Air Force Members: Use the Force Support Squadron (FSS)

The most underutilized services that active duty Air Force members have are the programs that the Force Support Squadron (FSS) offers.  Every base has a FSS, and most bases have similar programs run by their FSS.  Some of the best programs the FSS offers are Airmen and Family Readiness Center, the Auto Hobby Shop, Outdoor Recreation, Information, Tickets and Travel, and the Golf Courses.  Each of these offer a great service to the active duty member and are usually very reasonably priced.

Outdoor Recreation

Outdoor Recreation is another fantastic program run by the FSS.  Outdoor Recreation typically offers a laundry list of items you can rent for a day, weekend, or week.  Most of these items are camping, biking, fishing, and party related.  They offer items as small as a camping chair all the way to recreational vehicles and motorized boats.  If you want to go camping with the family but don’t want to buy all the gear, Outdoor Recreation is the perfect place to rent the equipment and save you the money from buying it.  Outdoor Recreation usually also offers several different trips a month.  The types of trips vary with time of year and location, but some examples are skiing and hiking trips.  These trips are usually day or weekend trips and are offered at a reduced price.  These can be a great way to discover a new adventure near you.

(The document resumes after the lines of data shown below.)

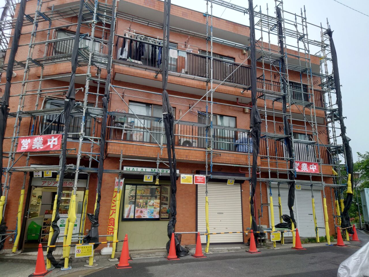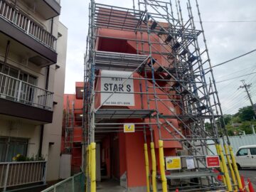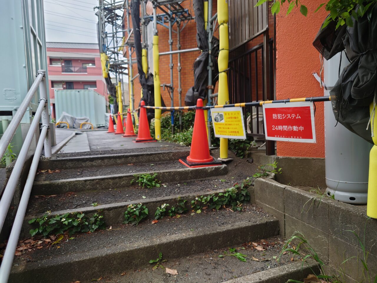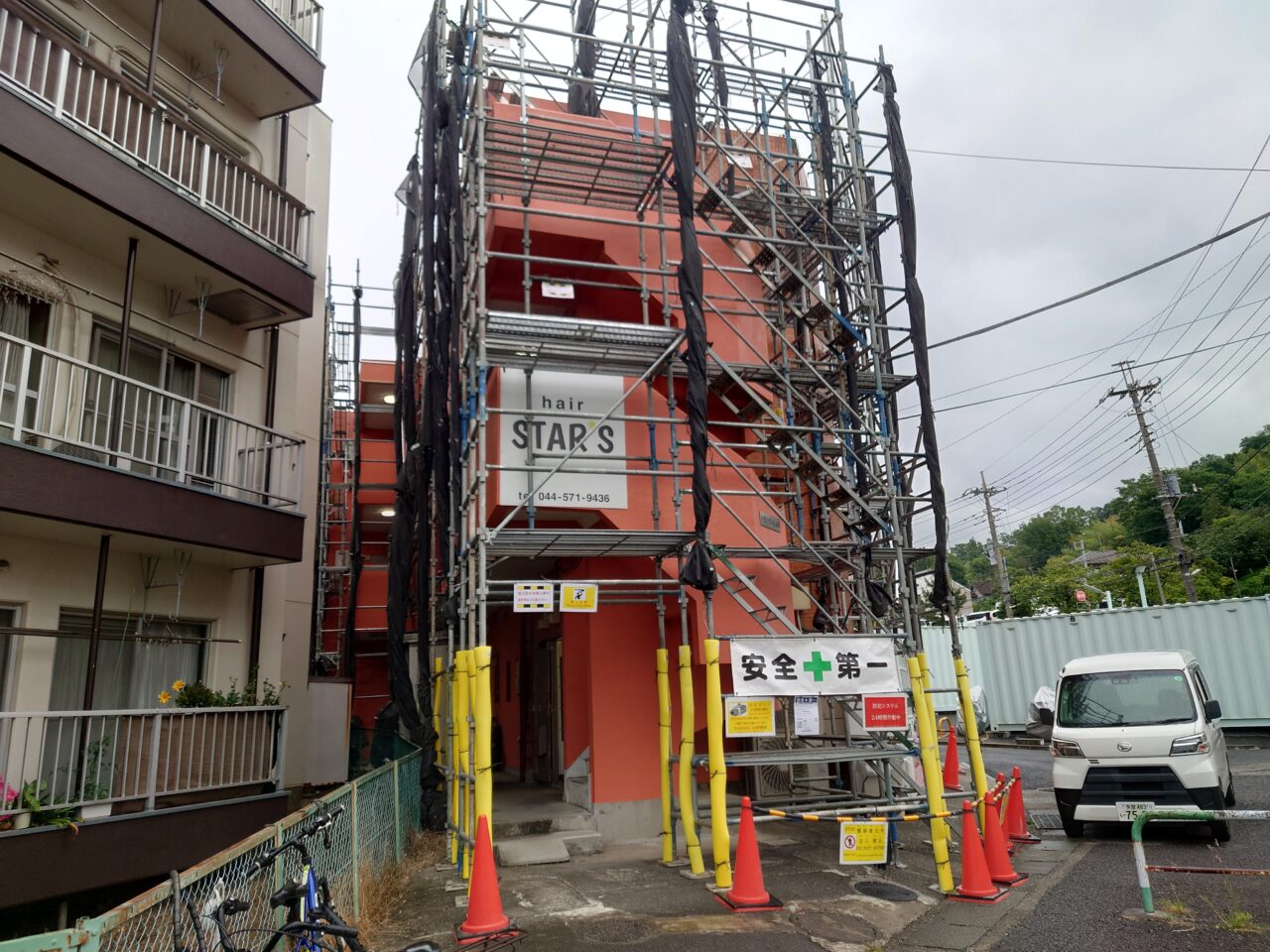 2025年5月24日 / 最終更新日時 : 2025年7月30日 藤田 雅之 現場日記 仮設足場組立2日目 昨日に引続き、仮設足場の組立です。 雨が降ったり止んだりなので染みている箇所が目立ちます。 歩くと妙にふかふかする箇所が多くて気になりますが、 下手に解体出来ないので、少しづつ進める予定です。 FacebooktwitterHatenaPocket
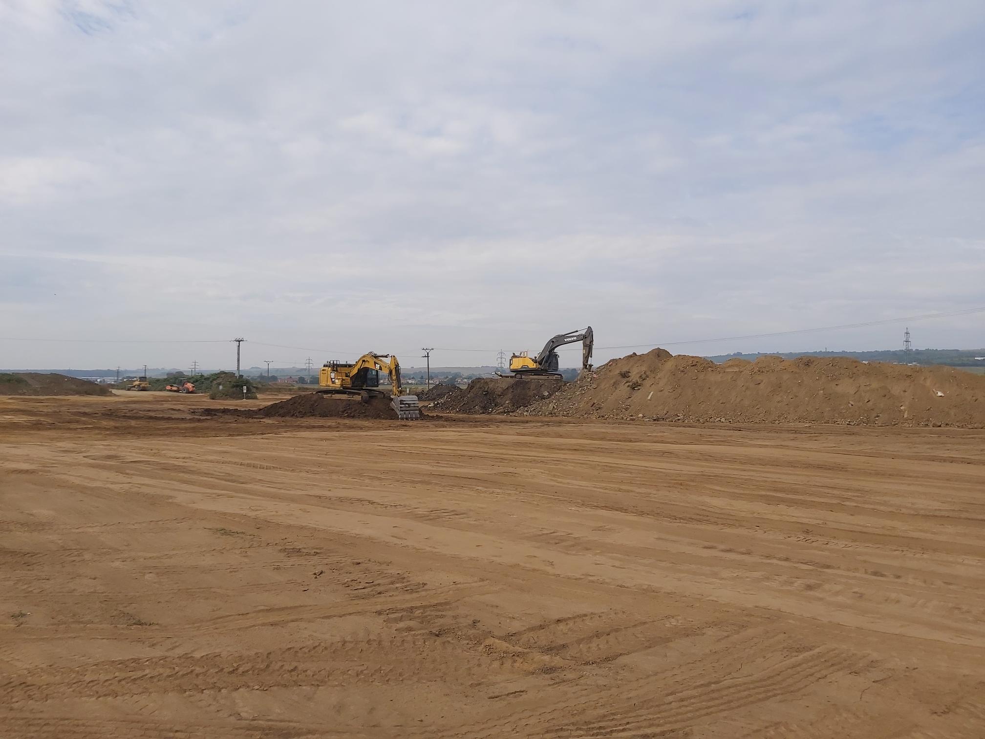 V budovaném 8,8 km úseku dálnice D55 (5508) Staré Město-Moravský Písek je v těchto dnech pořádně „živo“. Těžká technika se místy prolíná s jednoduchými nástroji archeologů, kteří hlásí nález 14 hrobů s kosterními pozůstatky a různými předměty. Pokračuje skrývka a odvoz ornice. Společně s loni zahájenou částí dálnice D55 mezi Babicemi a Starým Městem je nyní v realizaci souvislý 17 km úsek D55.
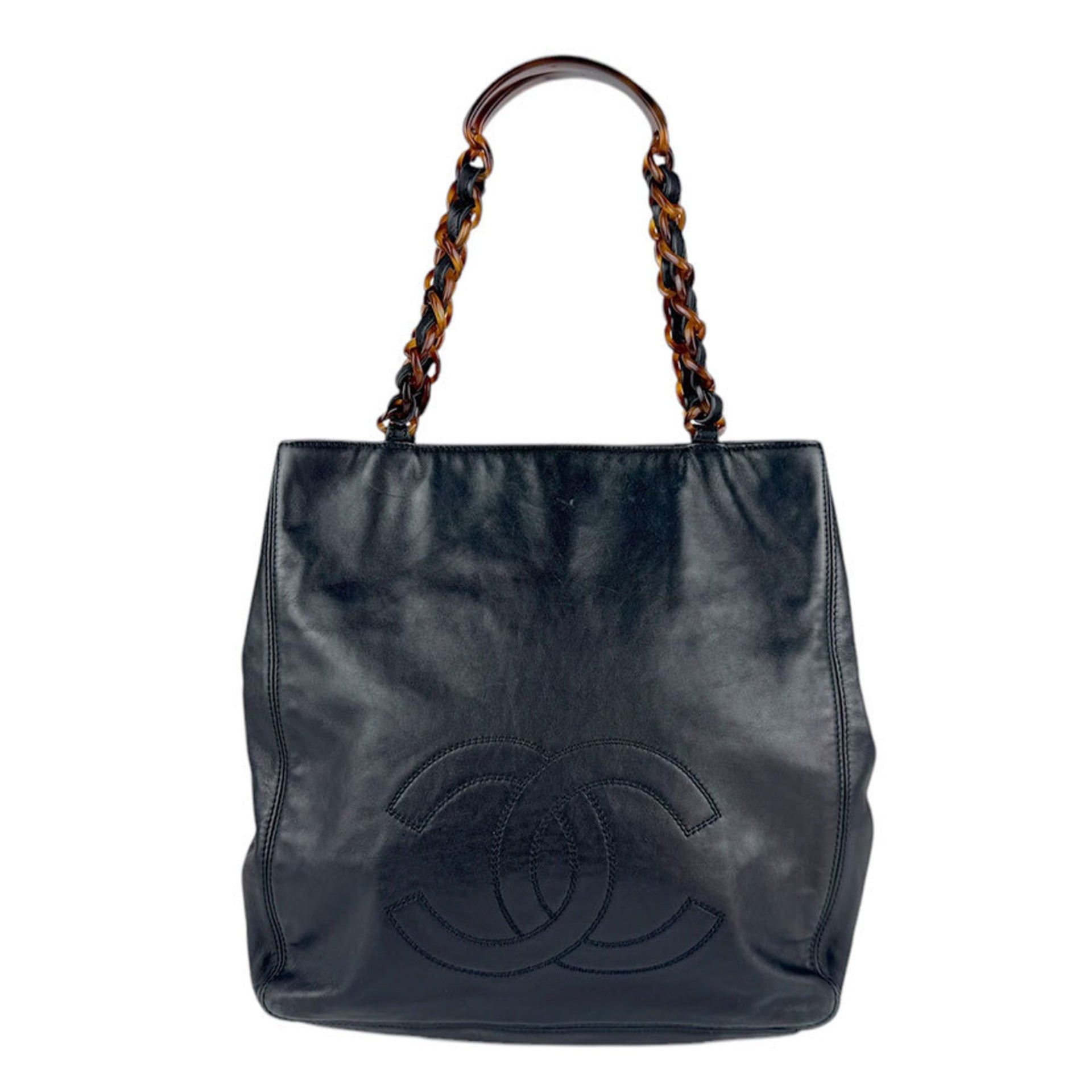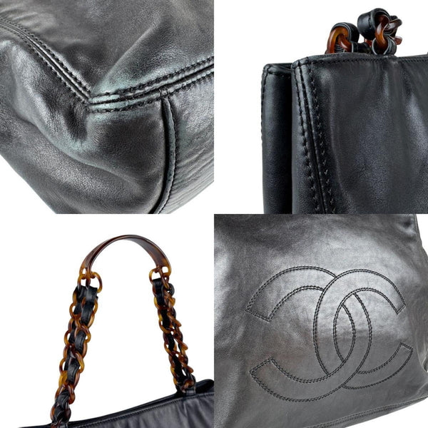 CHANEL Shoulder Bag Leather Plastic Black Brown Women\'s n1097

Airmen and Family Readiness Center

The Airmen and Family Readiness Center (AFRC) offers many different programs to help Airmen and their families.  Services offered are deployment preparation, family counseling, child education, Exceptional Family Member Program (EFMP), the Key Spouse Program, spouse education and career opportunities, financial counseling and several other benefits.  All of these benefits are provided at no cost and can typically be used by the military member and/or their family.  The AFRC is a great resource that members typically forget is available to them.  Upon arriving at a new base, military members are required to attend a Newcomers Orientation.  During this orientation, each AFRC will give a presentation on all the services they offer.  Pay attention to these services because you never know when you or your family may need to tap into these resources.

Information, Tickets, and Travel

The next service provided is the Information, Tickets, and Travel (ITT).  Information, Tickets, and Travel primarily offer discounted tickets at popular travel destinations.  One example is that Information, Tickets, and Travel offers discounted tickets to Walt Disney World Theme Parks.  You can purchase the discounted tickets at your local base and have them ready once you arrive at Disney.  They also offer discounts at resorts, cruises, vacations, sporting events, and lift tickets.  Some of these discounts are offered at the actual location as well, but Information, Tickets, and Travel can help save time by not needing to wait in line for these tickets.  Most tickets can be validated at ITT.  Military members also usually save on sales tax when buying from ITT since you are purchasing these tickets on base.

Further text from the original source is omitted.